Gauge theory and mirror symmetry

TL;DR

This paper explores the mathematical framework of gauging 2D topological quantum field theories with compact Lie group actions, linking physical concepts to mirror symmetry and providing new insights into the geometry of flag varieties.

Contribution

It formalizes the process of gauging in extended TQFTs, connecting physical gauge theories with mirror symmetry and Langlands duality, and applies this to flag varieties.

Findings

Describes data and methods for gauging TQFTs with Lie group actions.
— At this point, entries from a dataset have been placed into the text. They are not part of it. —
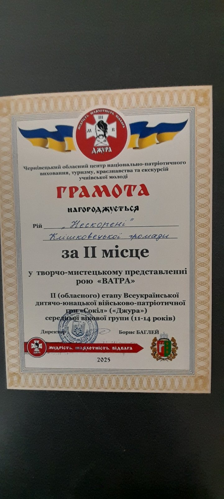 Рій «Яструби» ОЗО «Клішковецький ЗЗСО І-ІІІ ступенів» (виховники – Сергій Харицький, Олег Горобець, Світлана Палагнюк) нагороджені дипломами за ІІ місце у Творчо-мистецькому представленні рою «Ватра»; за ІІІ місце у конкурсі строю та маршової пісні «Впоряд»; за ІІІ місце у конкурсі «Рятівник».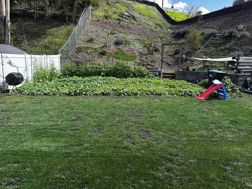 Getting closer to the final cut and till of my off season cover crops. We've had a bit of rain lately and that is causing the invasive weeds to explode on the hill side.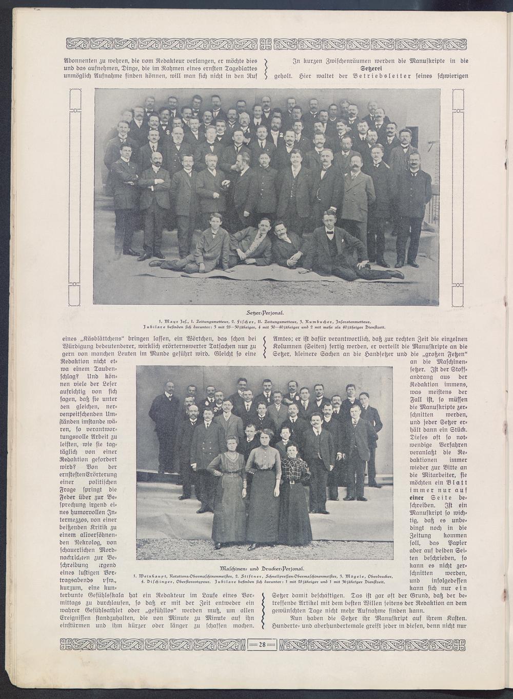 Amtes; er ist dafür verantwortlich, daß zur rechten Zeit die einzelnenKolumnen (Seiten) fertig werden, er verteilt die Manuskripte an dieSetzer, kleinere Sachen an die Handsetzer und die „großen Fetzen"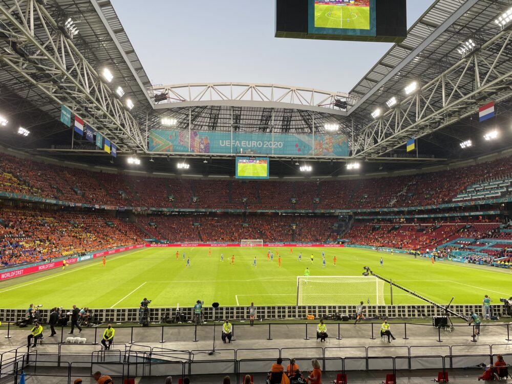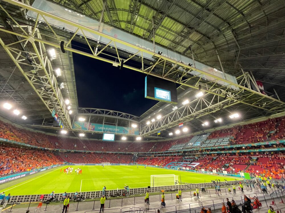 Si ça avait été en 2020, il n’y aurait pas eu de public à la Johan Cruyff Arena. Mais en 2021, il y en a eu un peu. Et comme CR est toujours sur la brèche, on s’est débrouillé pour avoir un envoyé spécial à Amsterdam. Et ça, ça claque. Même la RTS n’avait personne. Petite impression du décor, pour ceux qui ne se souviennent plus à quoi cela ressemble d’être dans un stade :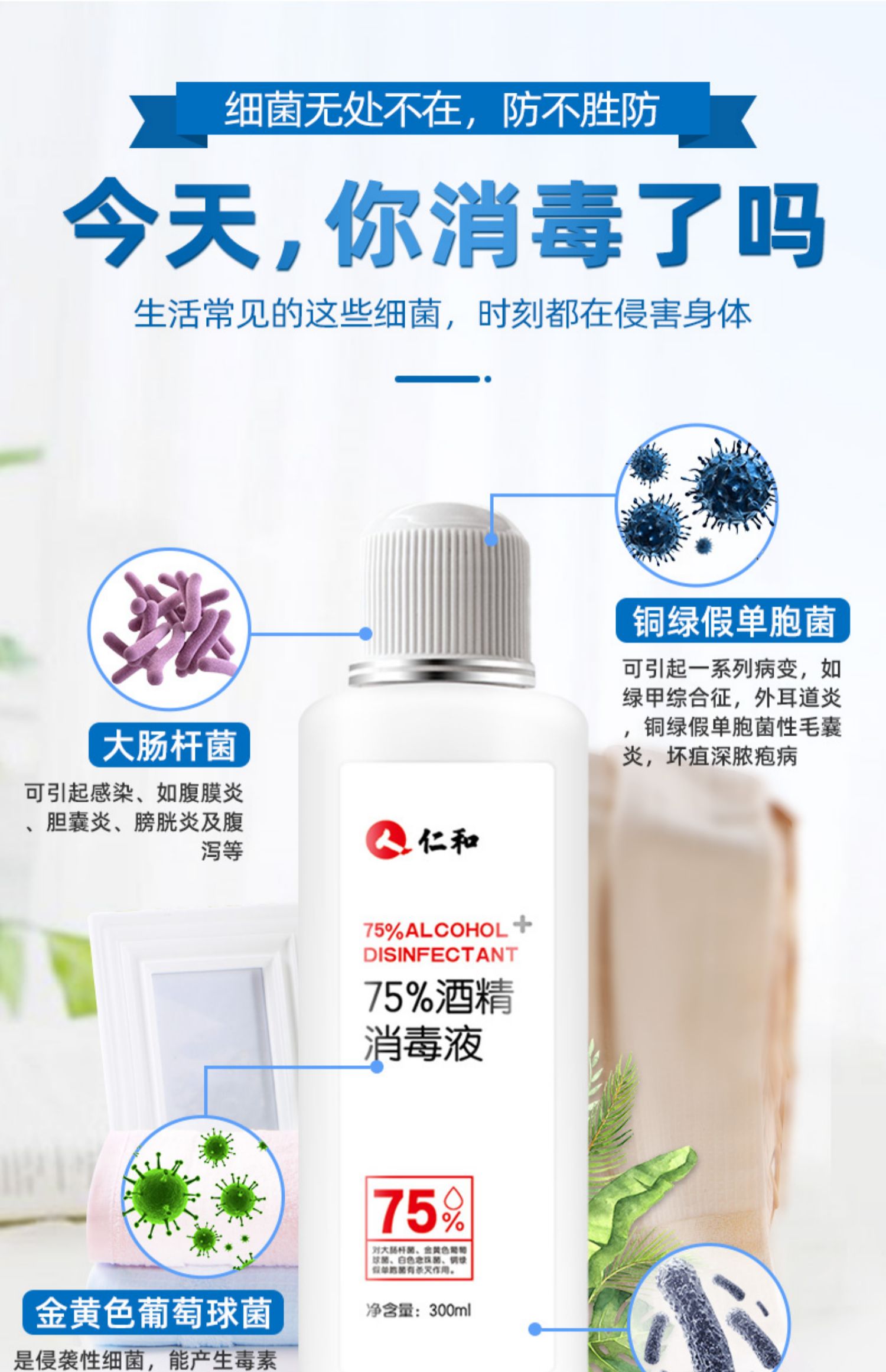 【仁和品牌!医用75%浓度酒精消毒,杀菌率高达99.999%!】防疫期间杀菌抑菌必备品!国家卫健委专家:新型冠状病毒不耐高温,能被75%的酒精杀死。医用酒精喷雾预防交叉感染,杀毒消毒必备品【买5送一】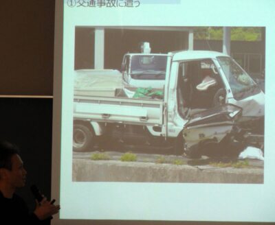 続いて河野さんが講演。2018年、笠岡市で軽トラック運転中に乗用車と正面衝突し、命はとりとめたものの「脚を切断するか否か」「歩けるか否か」という重傷を負った。当時を振り返り、「家族や病院の支え、そして『必ず生きる』『歩けるようになる』という楽観性が自分を支えた」と語る。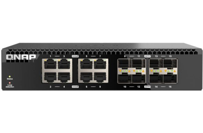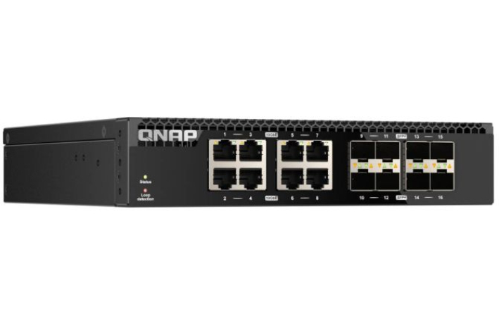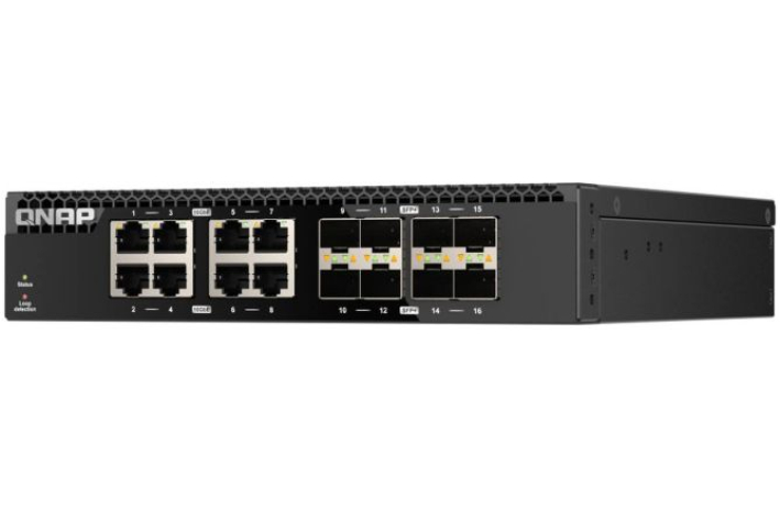 QNAP QSW-3216R-8S8T je neupravljano stikalo polovične širine za namestitev v omaro z osmimi optičnimi vrati 10GbE SFP+ in osmimi vrati 10GbE RJ45.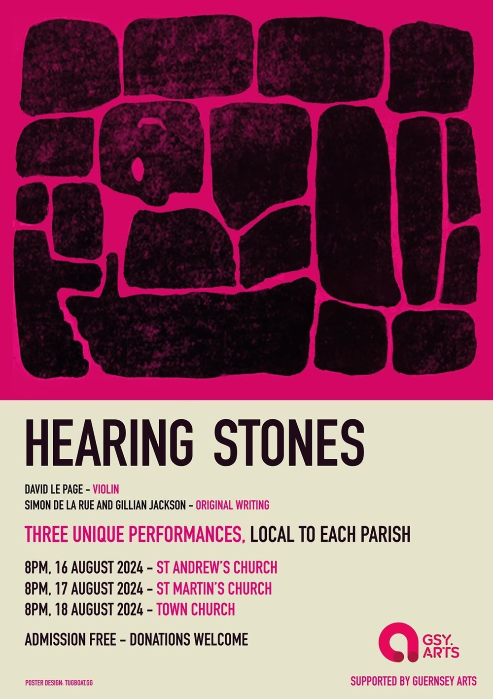 ‘Guernsey Arts is delighted to support the Hearing Stones project,’ said Head of Arts Development Russ Fossey. ‘This series brings together wonderfully talented people to
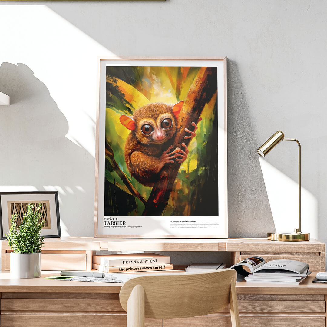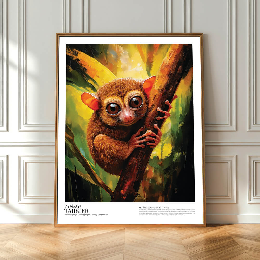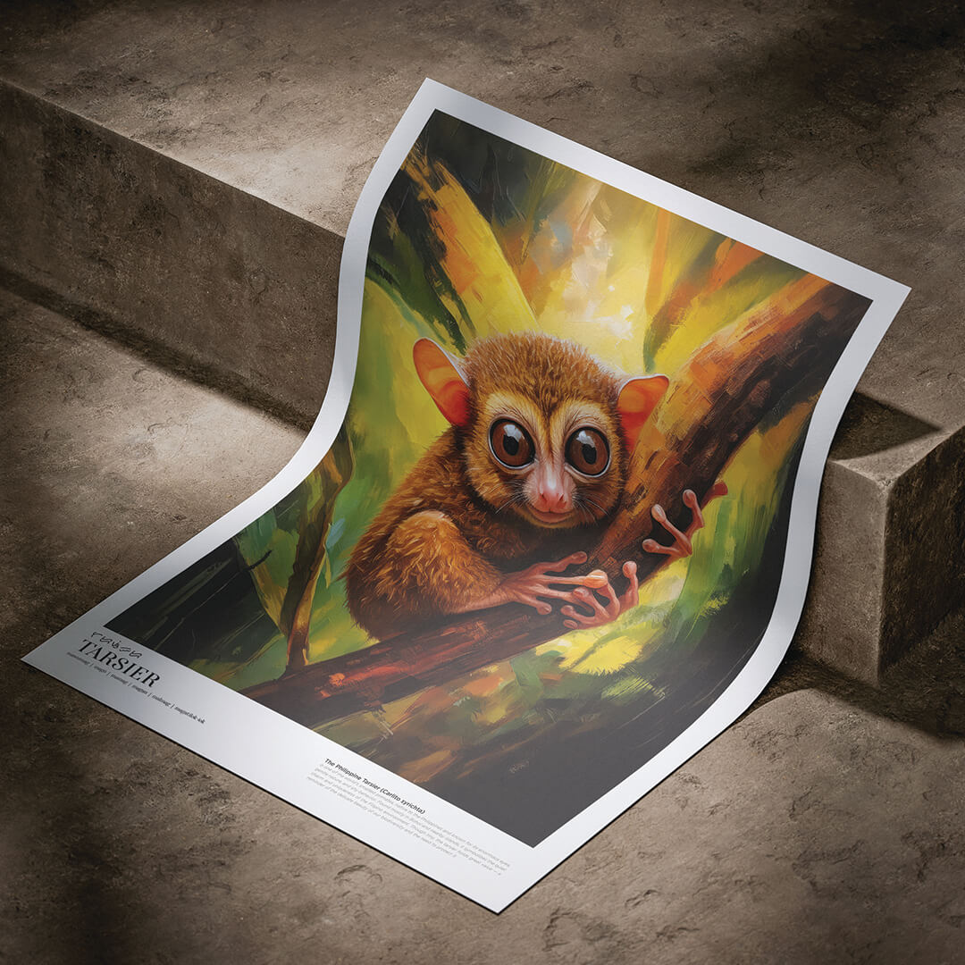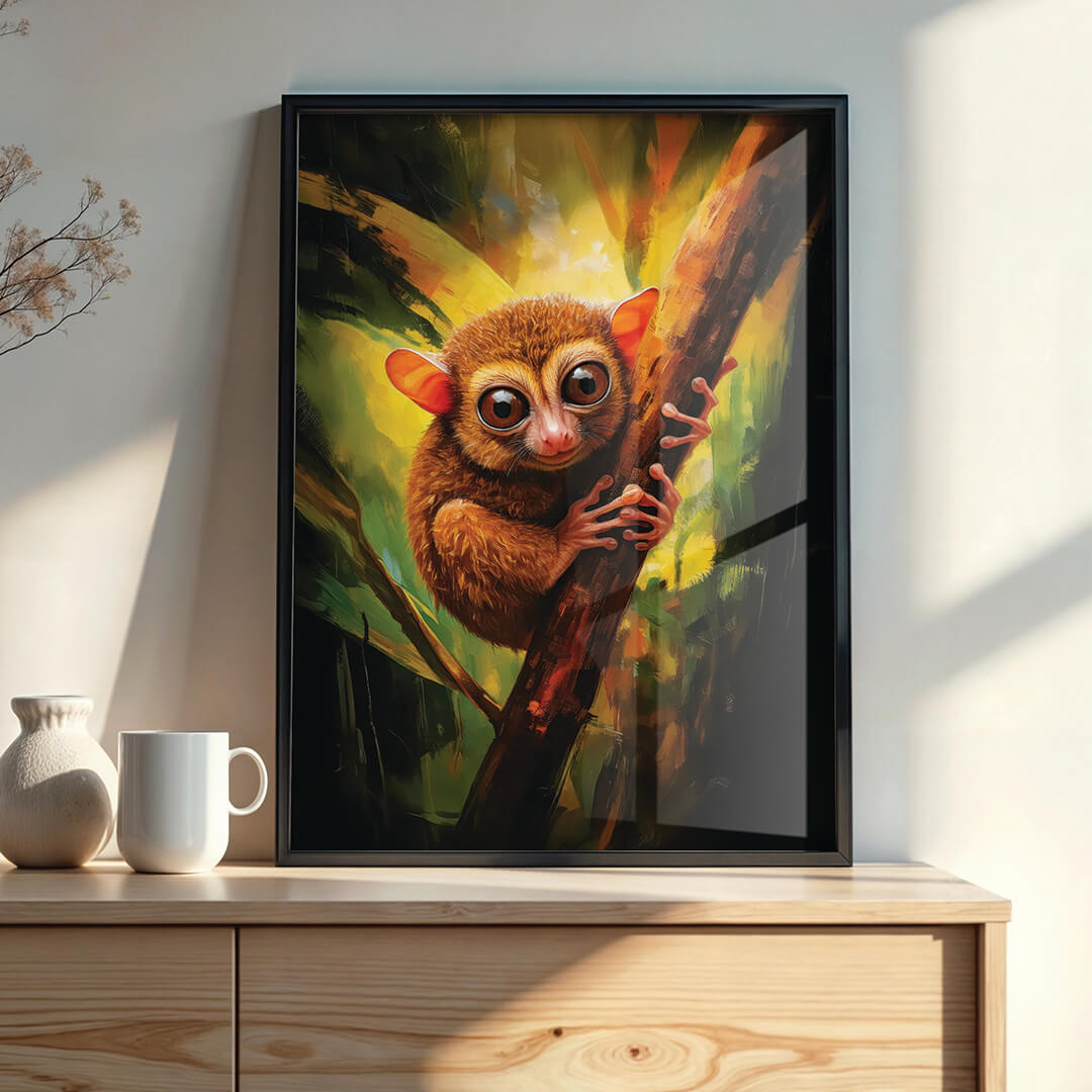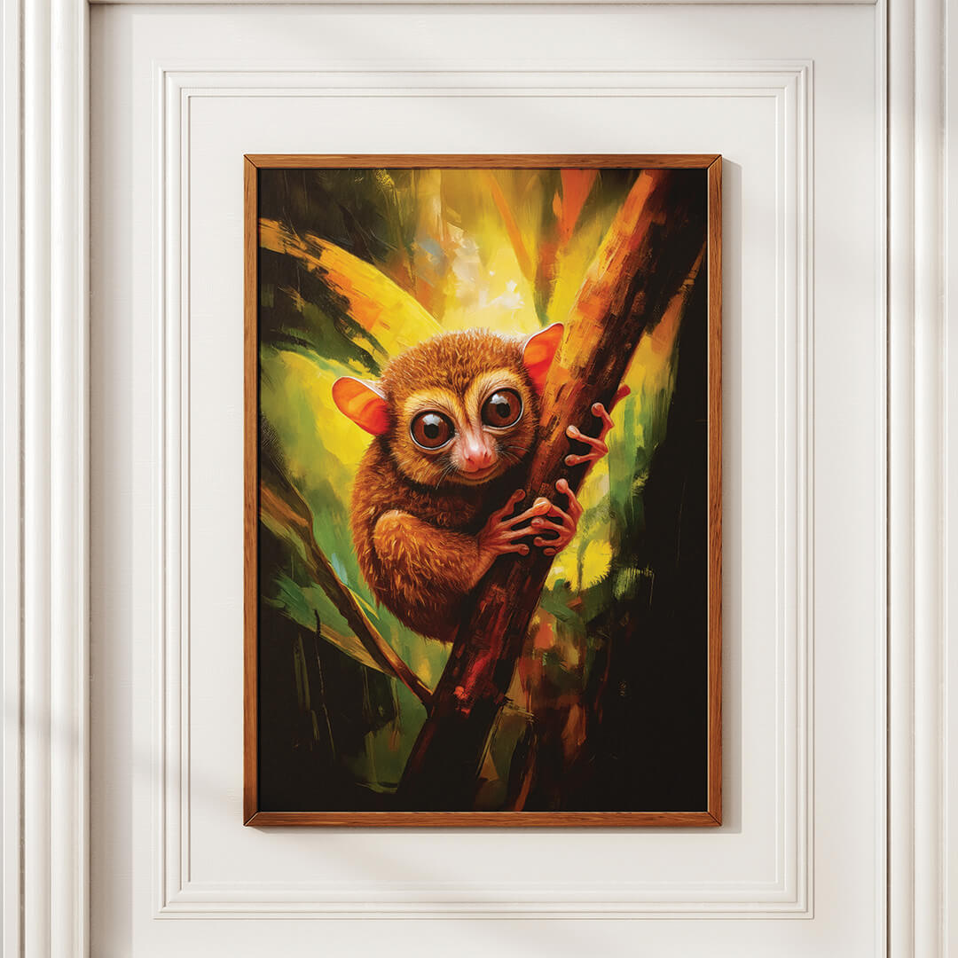 Often hidden in the underbrush and tree hollows, the tarsier is a quiet guardian of the night and a living link to the ancient evolutionary past. This piece of artwork featuring the tarsier offers more than charm—it promotes awareness and protection for this near-threatened species and its fragile habitat.

Provides a mirror symmetry interpretation involving holomorphic symplectic manifolds.

Recovers complex mirrors of flag varieties as an application.

Abstract

Outlined in this paper is a description of \emph{equivariance} in the world of 2-dimensional extended topological quantum field theories, under a topological action of compactLie groups. In physics language, I am gauging the theories --- coupling them to a principal bundle on the surface world-sheet. I describe the data needed to gauge the theory, as well as the computation of the gauged theory, the result of integrating over all bundles. The relevant theories are A-models, such as arise from the Gromov-Witten theory of a symplectic manifold with Hamiltonian group action, and the mathematical description starts with a group action on the generating category (the Fukaya category, in this example) which is factored through the topology of the group. Their mirror description involves holomorphic symplectic manifolds and Lagrangians related to the Langlands dual group. An application recovers the complex mirrors of flag varieties proposed by Rietsch.